── Dataset excerpt ──
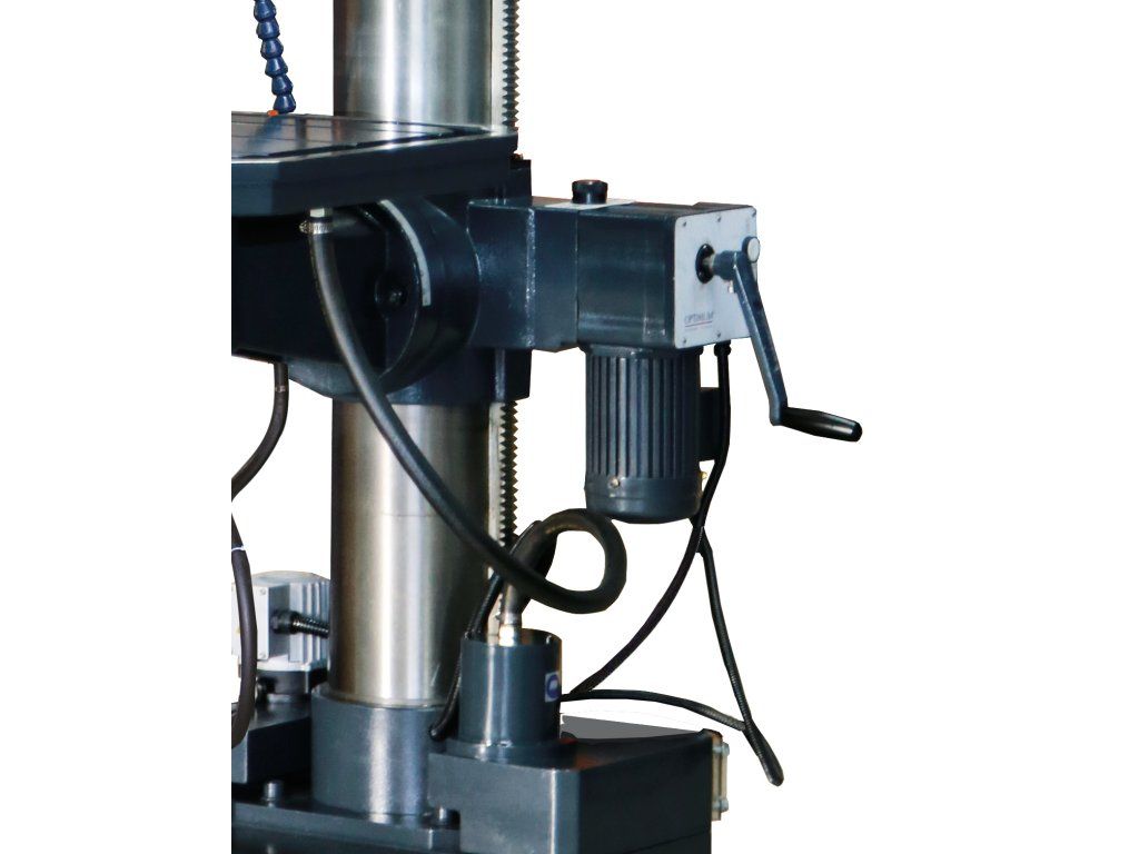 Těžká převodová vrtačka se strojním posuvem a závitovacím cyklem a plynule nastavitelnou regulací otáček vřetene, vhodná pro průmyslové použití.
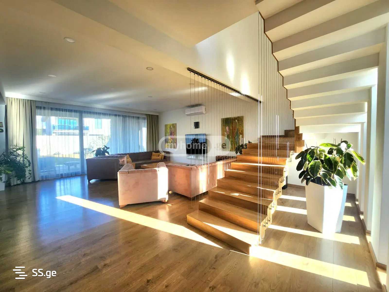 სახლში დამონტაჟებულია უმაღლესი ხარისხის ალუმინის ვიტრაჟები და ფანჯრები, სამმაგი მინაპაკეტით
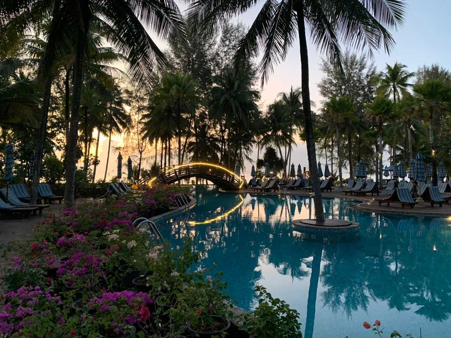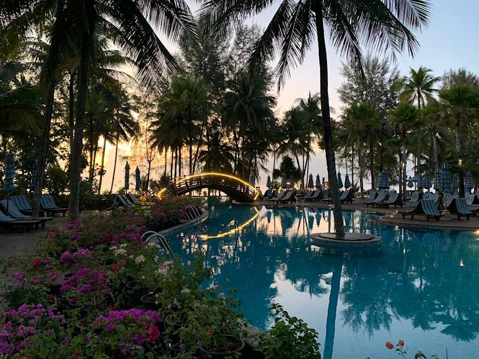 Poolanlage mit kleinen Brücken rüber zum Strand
───
__Activity__
All of the data must be set down exactly, with no pictures included.

__The answer__
 Těžká převodová vrtačka se strojním posuvem a závitovacím cyklem a plynule nastavitelnou regulací otáček vřetene, vhodná pro průmyslové použití.
 სახლში დამონტაჟებულია უმაღლესი ხარისხის ალუმინის ვიტრაჟები და ფანჯრები, სამმაგი მინაპაკეტით
 Poolanlage mit kleinen Brücken rüber zum Strand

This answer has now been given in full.